*Records for this exercise*.

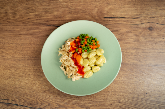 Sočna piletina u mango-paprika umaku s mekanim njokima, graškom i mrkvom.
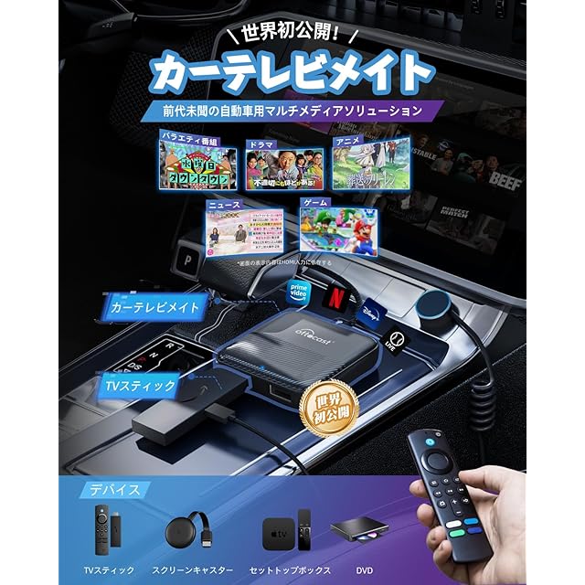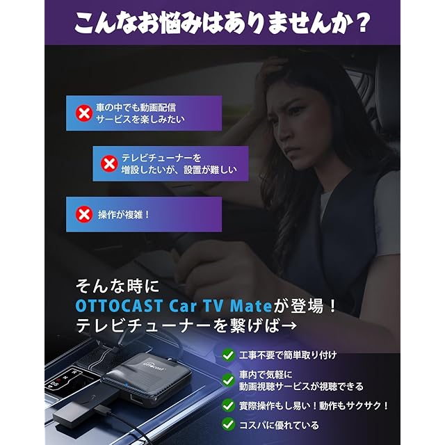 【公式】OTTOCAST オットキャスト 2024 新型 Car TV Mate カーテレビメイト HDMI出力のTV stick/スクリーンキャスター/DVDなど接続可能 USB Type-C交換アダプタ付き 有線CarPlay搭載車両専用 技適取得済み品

==

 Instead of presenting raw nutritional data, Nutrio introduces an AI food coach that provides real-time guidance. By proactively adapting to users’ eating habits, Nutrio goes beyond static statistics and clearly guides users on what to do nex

*Exercise prompt*. Transcribe the lines above exactly, beginning at the one with "Sočna piletina u" and ending at the one with "Type-C交換アダプタ付き 有線CarPlay搭載車両専用 技適取得済み品". Include both; exclude the pictures.

*Response*.
 Sočna piletina u mango-paprika umaku s mekanim njokima, graškom i mrkvom.
 【公式】OTTOCAST オットキャスト 2024 新型 Car TV Mate カーテレビメイト HDMI出力のTV stick/スクリーンキャスター/DVDなど接続可能 USB Type-C交換アダプタ付き 有線CarPlay搭載車両専用 技適取得済み品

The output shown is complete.